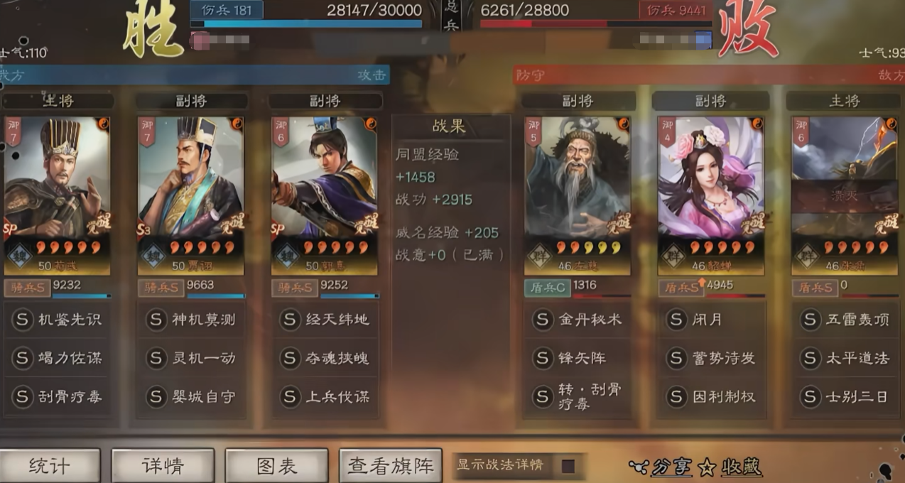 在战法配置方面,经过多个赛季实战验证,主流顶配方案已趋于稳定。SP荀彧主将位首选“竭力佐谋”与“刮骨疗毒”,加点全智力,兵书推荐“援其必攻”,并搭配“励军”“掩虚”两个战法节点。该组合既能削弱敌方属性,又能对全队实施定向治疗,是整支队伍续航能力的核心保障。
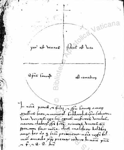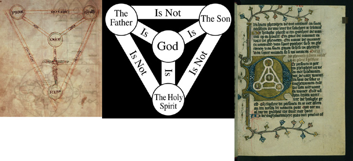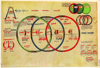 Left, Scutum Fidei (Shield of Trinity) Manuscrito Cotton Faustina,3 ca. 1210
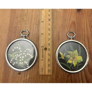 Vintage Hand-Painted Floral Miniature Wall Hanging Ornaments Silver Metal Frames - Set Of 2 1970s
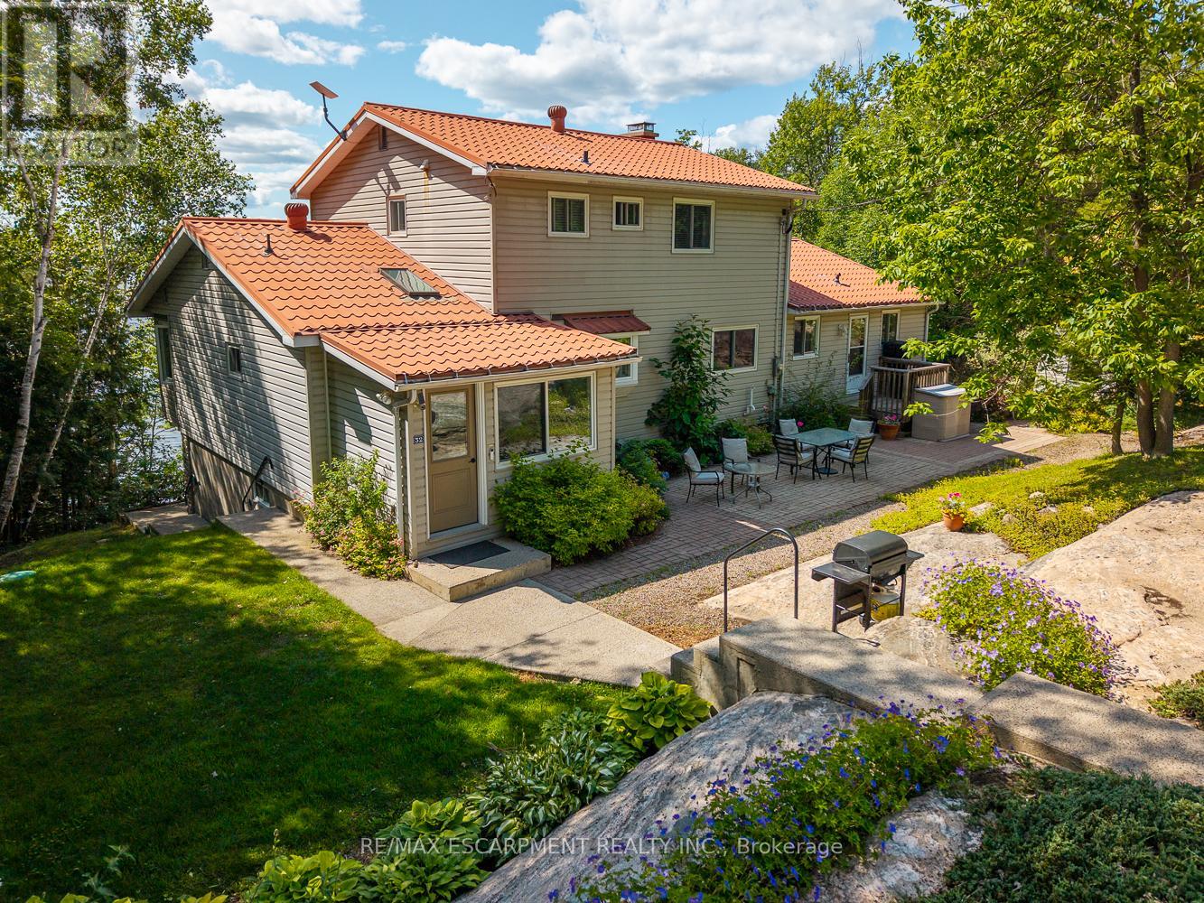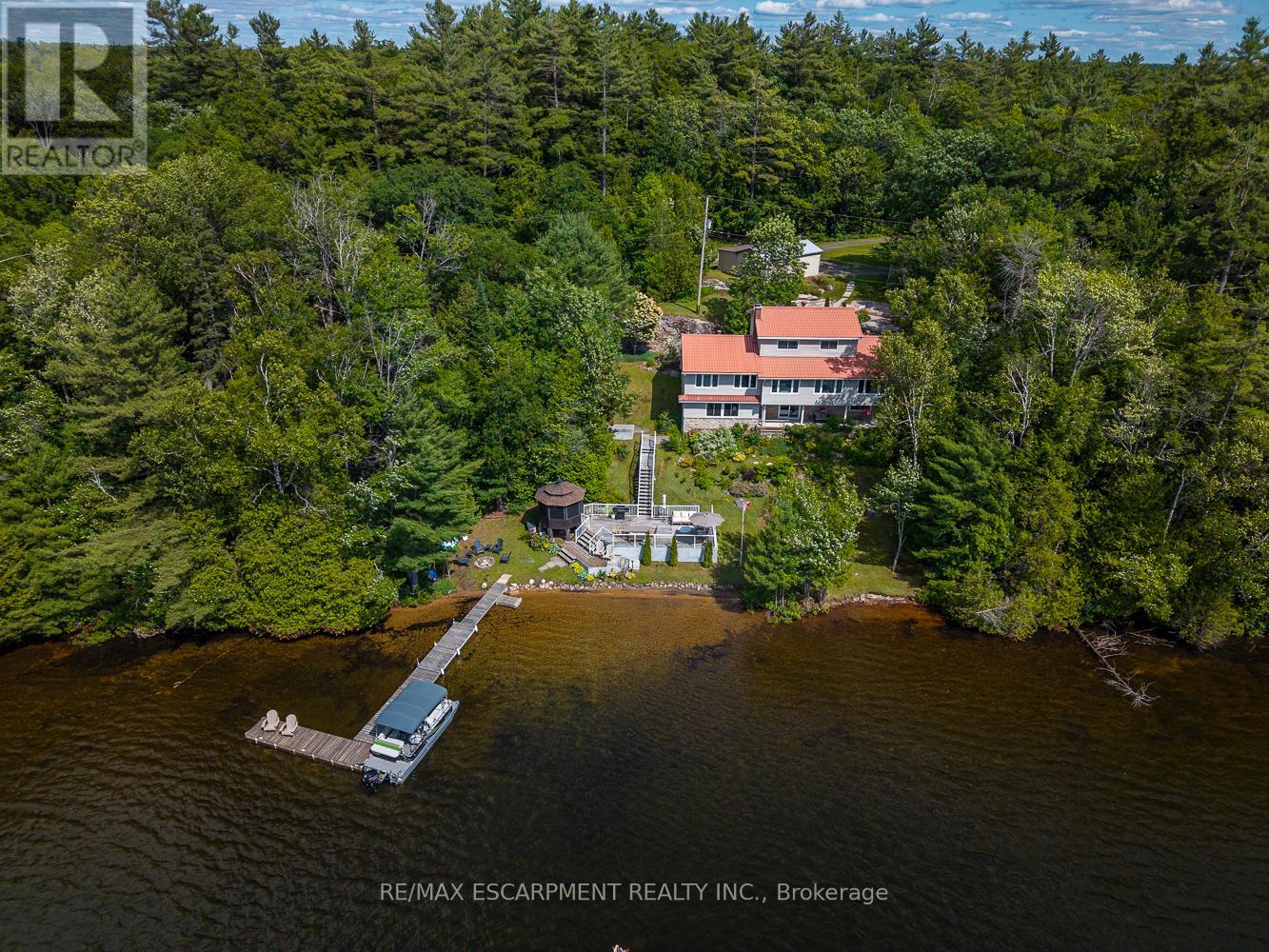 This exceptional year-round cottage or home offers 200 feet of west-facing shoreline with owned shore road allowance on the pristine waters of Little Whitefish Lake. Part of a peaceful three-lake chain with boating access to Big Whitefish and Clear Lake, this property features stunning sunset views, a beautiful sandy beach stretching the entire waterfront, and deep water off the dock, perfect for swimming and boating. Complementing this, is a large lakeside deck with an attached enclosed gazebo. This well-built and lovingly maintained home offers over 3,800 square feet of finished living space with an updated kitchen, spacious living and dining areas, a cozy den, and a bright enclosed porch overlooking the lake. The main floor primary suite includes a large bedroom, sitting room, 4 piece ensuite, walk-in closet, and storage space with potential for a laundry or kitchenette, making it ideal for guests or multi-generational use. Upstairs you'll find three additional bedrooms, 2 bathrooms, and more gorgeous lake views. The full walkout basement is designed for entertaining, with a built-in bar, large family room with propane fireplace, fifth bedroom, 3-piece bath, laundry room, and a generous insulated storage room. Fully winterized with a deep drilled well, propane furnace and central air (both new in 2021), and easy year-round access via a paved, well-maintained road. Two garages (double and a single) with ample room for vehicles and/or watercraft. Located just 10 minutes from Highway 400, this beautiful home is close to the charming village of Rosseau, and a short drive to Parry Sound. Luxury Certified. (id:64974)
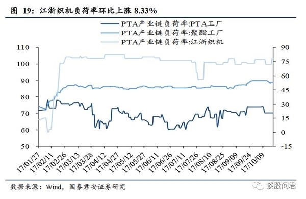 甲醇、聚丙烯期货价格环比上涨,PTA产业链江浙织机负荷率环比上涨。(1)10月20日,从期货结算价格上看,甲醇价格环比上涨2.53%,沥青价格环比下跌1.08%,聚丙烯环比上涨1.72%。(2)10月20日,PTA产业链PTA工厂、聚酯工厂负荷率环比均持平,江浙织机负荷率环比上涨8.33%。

# TASK STATEMENT
Skipping any pictures, transcribe the full listing exactly.

# EXERCISE ANSWER
 在战法配置方面,经过多个赛季实战验证,主流顶配方案已趋于稳定。SP荀彧主将位首选“竭力佐谋”与“刮骨疗毒”,加点全智力,兵书推荐“援其必攻”,并搭配“励军”“掩虚”两个战法节点。该组合既能削弱敌方属性,又能对全队实施定向治疗,是整支队伍续航能力的核心保障。
 Left, Scutum Fidei (Shield of Trinity) Manuscrito Cotton Faustina,3 ca. 1210
 Vintage Hand-Painted Floral Miniature Wall Hanging Ornaments Silver Metal Frames - Set Of 2 1970s
 This exceptional year-round cottage or home offers 200 feet of west-facing shoreline with owned shore road allowance on the pristine waters of Little Whitefish Lake. Part of a peaceful three-lake chain with boating access to Big Whitefish and Clear Lake, this property features stunning sunset views, a beautiful sandy beach stretching the entire waterfront, and deep water off the dock, perfect for swimming and boating. Complementing this, is a large lakeside deck with an attached enclosed gazebo. This well-built and lovingly maintained home offers over 3,800 square feet of finished living space with an updated kitchen, spacious living and dining areas, a cozy den, and a bright enclosed porch overlooking the lake. The main floor primary suite includes a large bedroom, sitting room, 4 piece ensuite, walk-in closet, and storage space with potential for a laundry or kitchenette, making it ideal for guests or multi-generational use. Upstairs you'll find three additional bedrooms, 2 bathrooms, and more gorgeous lake views. The full walkout basement is designed for entertaining, with a built-in bar, large family room with propane fireplace, fifth bedroom, 3-piece bath, laundry room, and a generous insulated storage room. Fully winterized with a deep drilled well, propane furnace and central air (both new in 2021), and easy year-round access via a paved, well-maintained road. Two garages (double and a single) with ample room for vehicles and/or watercraft. Located just 10 minutes from Highway 400, this beautiful home is close to the charming village of Rosseau, and a short drive to Parry Sound. Luxury Certified. (id:64974)
 甲醇、聚丙烯期货价格环比上涨,PTA产业链江浙织机负荷率环比上涨。(1)10月20日,从期货结算价格上看,甲醇价格环比上涨2.53%,沥青价格环比下跌1.08%,聚丙烯环比上涨1.72%。(2)10月20日,PTA产业链PTA工厂、聚酯工厂负荷率环比均持平,江浙织机负荷率环比上涨8.33%。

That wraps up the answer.